Appendix: Computational method to find the optimal social structure

  1. 1.

    Set N = given population, m = given memory ability.

  2. 2.

    Create the memory profile matrix base and the strategy profile matrix base, they are N-by-N null matrices.

  3. 3.

    Digitize the strategies (we use: hawk = 3, dove = 1, mix = 2), to be used in the strategy profile matrix.

  4. 4.

    Generate an arbitrary memory profile matrix under the given memory ability.

  5. 5.

    Generate an arbitrary strategy profile matrix at equilibrium (the off-diagonal pairs must sum to 4, meaning players must play HDH-D, DHD-H, or MMM-M at equilibrium).

  6. 6.

    Check whether the strategy profile can be supported by the memory profile. The strategy profile can be supported by the memory profile if the agents play the same strategy against all non-memorized opponents:

    1. (a)

      Locate all 0-value entries in the first row in the memory profile matrix. This reflects all non-memorized opponents for the first agent.

    2. (b)

      Find all corresponding entries in the strategy profile matrix to the entries found in (a).

    3. (c)

      If all entries found in (b) have the same value, then this agent’s strategy profile can be supported by its memory profile.

    4. (d)

      Repeat (a) to (c) for every agents.

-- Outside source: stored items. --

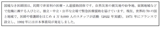 ―「国境なき医師団」での医療・人道援助に活用―
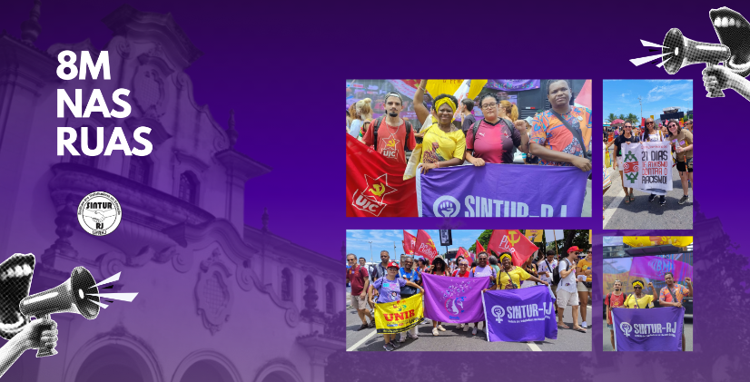 No último 8 de março, o SINTUR-RJ esteve presente no Ato Unificado do Dia Internacional da Mulher, realizado em Copacabana, somando forças a diversos movimentos sociais, entidades sindicais e organizações da sociedade civil na luta pelos direitos das mulheres.
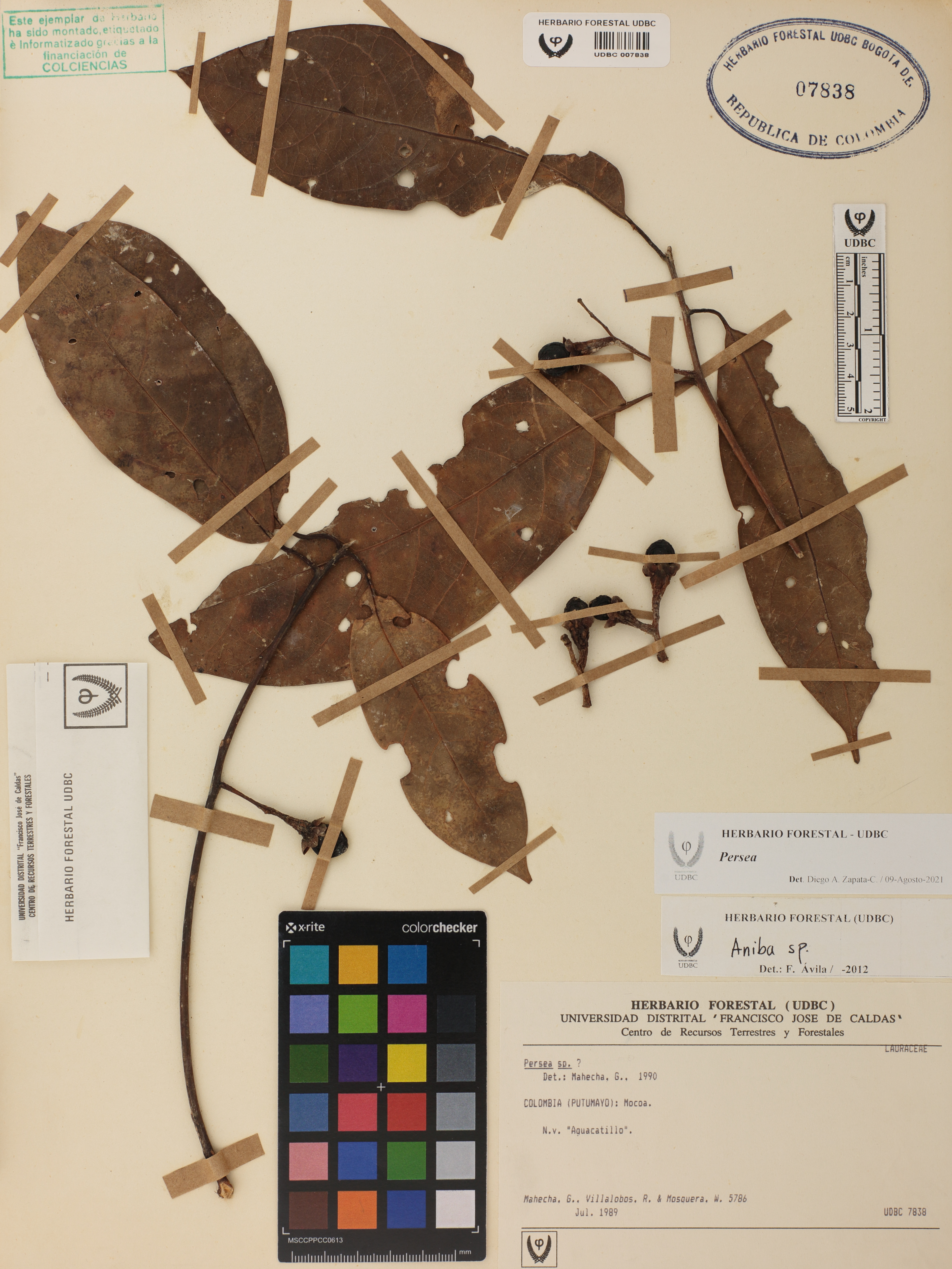 Fotografía del ejemplar Mahecha, G. 5786, determinado como Persea sp. en el año 2021
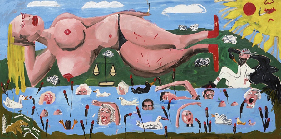 Coq au vin, 2016 Oil,acrylic and spray paint on canvas 200 x 400 cm
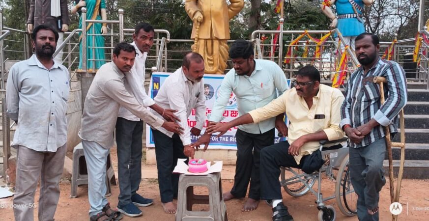 పున్నమి: రంగారెడ్డి జిల్లా: అంతర్జాతీయ దివ్యాంగుల దినోత్సవం సందర్భంగా రంగారెడ్డి జిల్లా షాద్నగర్ పట్టణంలోని ఎంపీడీవో కార్యాలయం ఎదుట వికలాంగుల హక్కుల జాతీయ వేదిక ఆధ్వర్యంలో బుధవారం ఘనంగా వేడుకలు నిర్వహించారు. కేక్ కట్ చేసి ఆపేయ అనురాగాలతో వేడుకలను జరుపుకున్నారు.జిల్లా అధ్యక్షులు ఆశన్నగారి భుజంగారెడ్డి, ప్రధాన కార్యదర్శి జేర్కొని రాజు నాయకత్వంలో జరిగిన ఈ కార్యక్రమంలో దివ్యాంగ సోదరులు పెద్ద సంఖ్యలో పాల్గొన్నారు.ఈ సందర్భంగా ఆశన్నగారి భుజంగారెడ్డి మాట్లాడుతూ…దివ్యాంగులను సమాజం బాధితులుగా కాకుండా సమాన భాగస్వాములుగా గుర్తించాలి. వారికి ఇతరులతో సమాన హక్కులు, అవకాశాలు, గౌరవం లభించాలి. కానీ ప్రస్తుత కేంద్ర, రాష్ట్ర ప్రభుత్వాలు దివ్యాంగుల సంక్షేమాన్ని పూర్తిగా విస్మరిస్తున్నాయి.దివ్యాంగుల కోసం ప్రవేశపెట్టిన పథకాలను రద్దు చేస్తూ, సమాన అవకాశాలు కల్పించడంలో ఘోరంగా విఫలమవుతున్నాయని తీవ్ర ఆవేదన వ్యక్తం చేశారు.అంతర్జాతీయ దివ్యాంగుల దినోత్సవ చరిత్రను గుర్తుచేస్తూ ఆయన మాట్లాడుతూ…1976లో ఐక్యరాజ్యసమితి 1981ని అంతర్జాతీయ దివ్యాంగుల సంవత్సరంగా, 1983-92 మధ్య కాలాన్ని దివ్యాంగుల దశాబ్దంగా ప్రకటించింది. 1992 నుంచి ప్రతి డిసెంబరు 3న ఈ దినోత్సవాన్ని ప్రపంచవ్యాప్తంగా జరుపుతున్నారు.దివ్యాంగుల గౌరవం, హక్కులు, శ్రేయస్సు కోసం అవగాహన పెంచడం, వారిని రాజకీయ, సామాజిక, ఆర్థిక, సాంస్కృతిక జీవనంలో భాగస్వాములను చేయడమే ఈ దినోత్సవ లక్ష్యమని వివరించారు.కళలు, విజ్ఞానం, క్రీడలు, ఆవిష్కరణలు , ఏ రంగంలోనైనా దివ్యాంగులు అద్భుతాలు సాధిస్తున్నారు.వారి సామర్థ్యాన్ని ప్రపంచానికి చాటి చెప్పడమే ఈ వేడుకల ఉద్దేశ్యం.కానీ ప్రభుత్వాలు ఈ సామర్థ్యాన్ని గుర్తించకుండా, వివక్షతతో వ్యవహరిస్తున్నాయని ఆవేదన వ్యక్తం చేశారు.ఇప్పటికైనా కేంద్ర, రాష్ట్ర ప్రభుత్వాలు దివ్యాంగుల కోసం ప్రకటించిన పథకాలను సంపూర్ణంగా అమలు చేయాలని, వివక్ష లేని సమాజ నిర్మాణం కోసం అందరూ కృషి చేయాలని డిమాండ్ చేశారు. ఈ కార్యక్రమంలో వికలాంగుల హక్కుల జాతీయ వేదిక జిల్లా నాయకులు మొగదాటి ప్రమోద్, దిర్షిణం శంకర్, మూర్తి, సీమ లక్ష్మణ్ తదితరులు పాల్గొన్నారు.
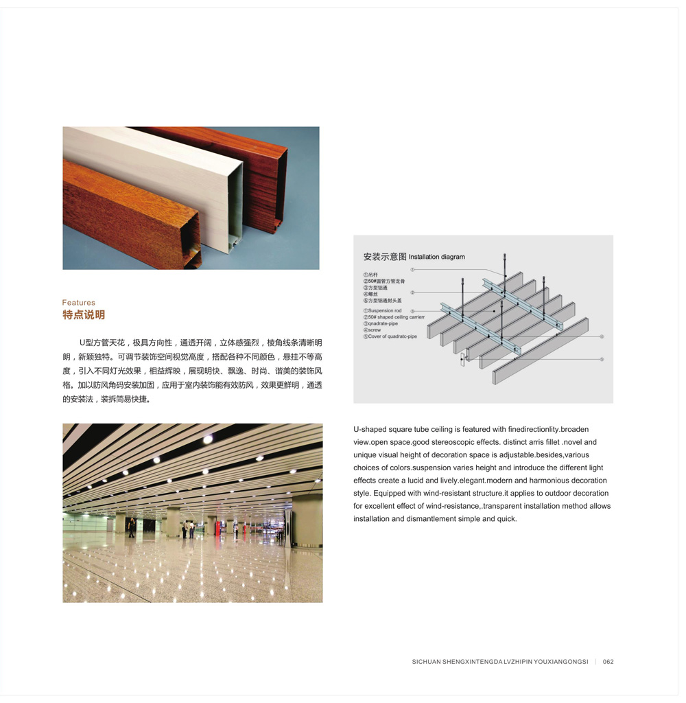 U型?管天花,極具?向性,通透開闊,?體感強烈,棱?線條清晰明朗,新穎獨特??烧{節(jié)裝飾空間視覺?度,搭配各種不同顏?,懸掛不等?度,引?不同燈光效果,相益輝映,展現(xiàn)明快、飄逸、時尚、諧美的裝飾?格。加以防??碼安裝加固,應?于室內裝飾能有效防?,效果更鮮明,通透的安裝法,裝拆簡易快捷。
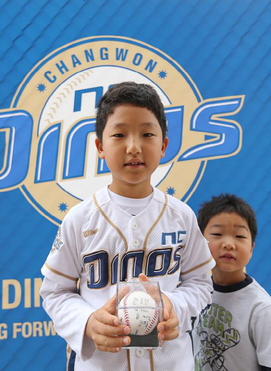 LA 한 어린이팬이 손에 든 야구공. 원종현에 대한 응원메시지가 담겨져 있다. NC다이노스 페이스북
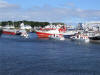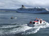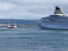 Members of the McKinney Academy of Dance treat the Artemis passengers to colour and dance. The Artemis pictured a short distance from Greencastle Harbour. Three of the Artemis tender boats shuttle the 1,500 passengers back to the ship. An Artemis tender passes a local fishing boat. The Lough Foyle Ferry dwarfed by the P&O liner, Artemis.
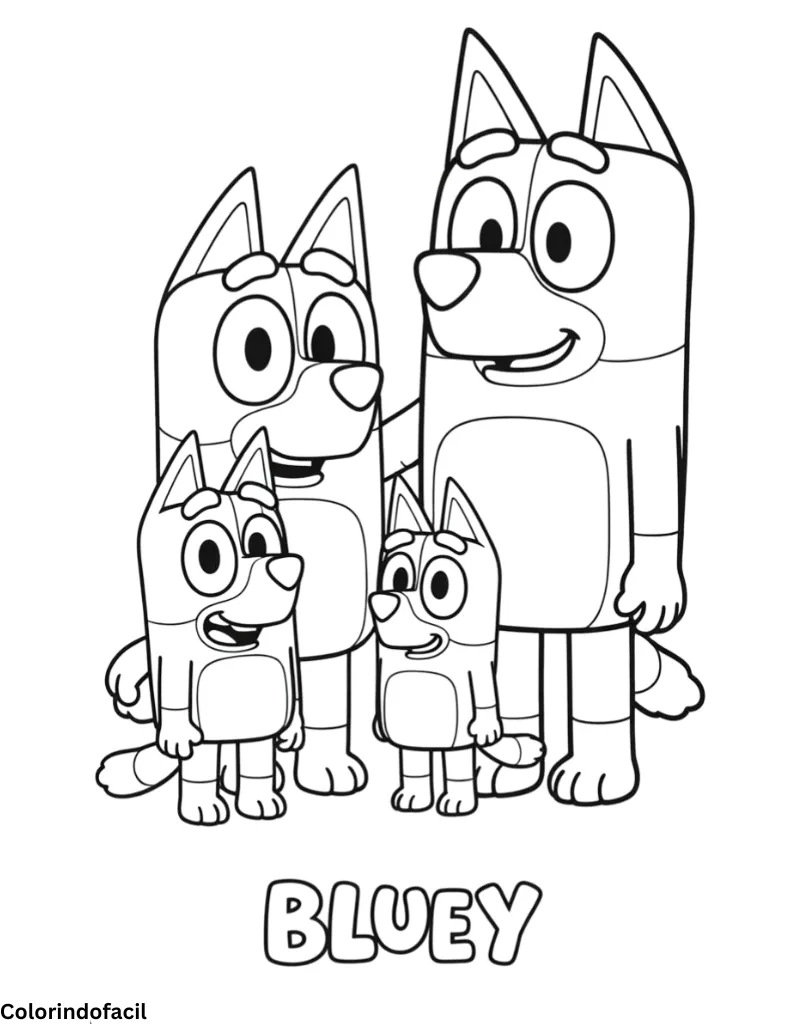 Desenhos de bluey para imprimir e colorir com a família Heeler
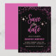 Cartes d'invitation d'anniversaire 48 ans rose Enregistrez la date noir Glam chic paillettes scintillantes
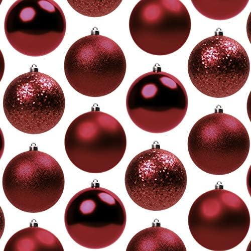 Yule love our ultra-durable shatterproof decorations that will keep your family and pets safe from any Christmas ornament cat-astrophes.Our variety bulk pack contains 4 different finishes for extra festive x-mas fun making them a 2020 must have. These indoor essentials will keep the holiday cheer going strong all season long. Don’t be the spoilsport on your block & make Santa proud when you decorate your house with our brightly colored baubles.Lightweight ornaments won’t bend or break your branches.Don’t weigh down your tree with heavy and expensive crystal ornaments. Our super lightweight adornments are strong enough to last many yuletide seasons, but light enough to keep your tree intact all while looking great!Get in the holiday spirit while bonding with your loved ones!Does your little one have that Christmas twinkle in their eye? Have the best night with your family by getting together to decorate the tree with our ornament and hook kit. It’s a classic religious pastime the whole family can enjoy. Design your Christmas tree the way you and your children want with our cute multipack of round ornaments.Are the caps of the xmas ornaments removable?Yes, they have secure caps that will stay on unless you decide to take them off. Small caps can be easily removed for arts and crafts projects. Fill uncapped ornaments in a large vase or bowl for a big beautiful centerpiece that will add a personalized touch to the room.What’s in the box?You will receive a decorative box set of 96 burgundy 1.6 inch ornaments and hangers in assorted finishes – 24 shiny, 24 matte, 24 glitter and 24 sequin baubles.Lifetime 100% money-back satisfaction guarantee!If you aren’t completely satisfied with your order, simply email us, and we will respond within 24 hours to make it right even on the weekends. We absolutely guarantee your satisfaction or your money back!
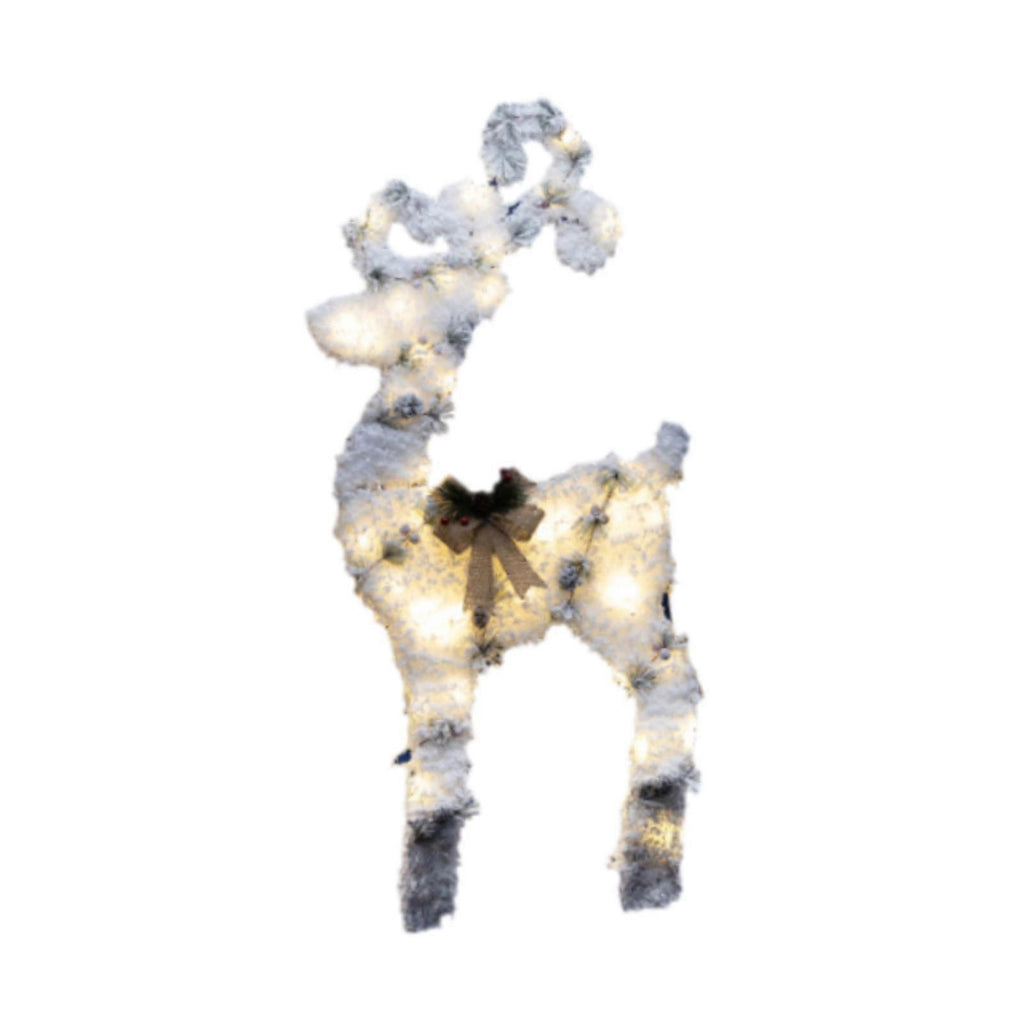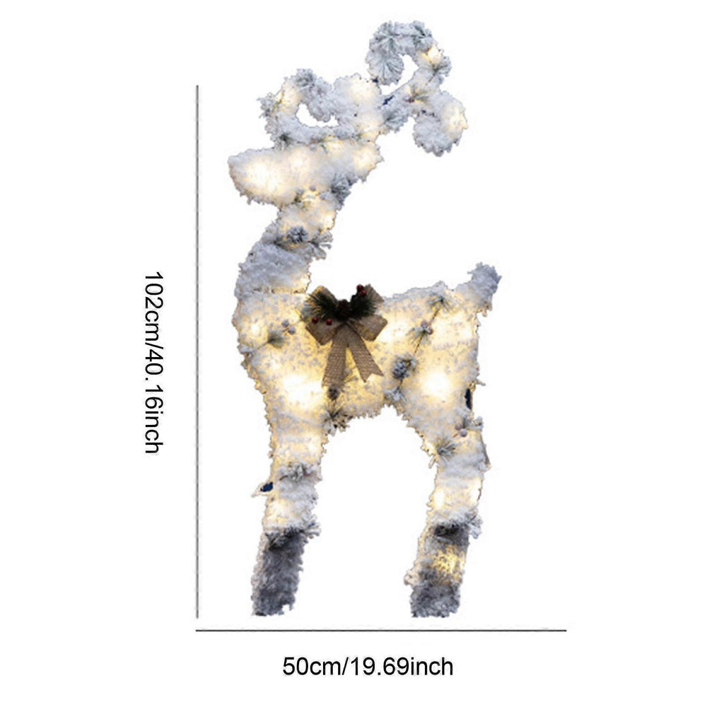 (Deer Elk M) Christmas Flocking Statue Favor Gift with Light for Home Decoration Winter Deer Elk S

The strategy profile matrix is supported by the memory profile matrix if all agents’ strategy profiles can be supported by their memory profiles.

  7. 7.

    If the strategy profile can be supported by the memory profile, then it is an equilibrium. Count the number of strategy MM by counting entries with value=2 in the strategy profile matrix. Divide by 2 will give us the number of pairs that play MMM-M.

  8. 8.

    Repeat 5-7 for all possible strategy profile matrices at equilibrium.

  9. 9.

    Repeat 4-8 for all possible memory profile matrices under the given memory ability.

  10. 10.

    The social structure that induces the least number of MMM-M pairs is the optimal social structure. If there are multiple, compare their memory profile matrices. The one with more zeroes (fewer ones) is the superior one in terms of fitness, because of lower memory usage.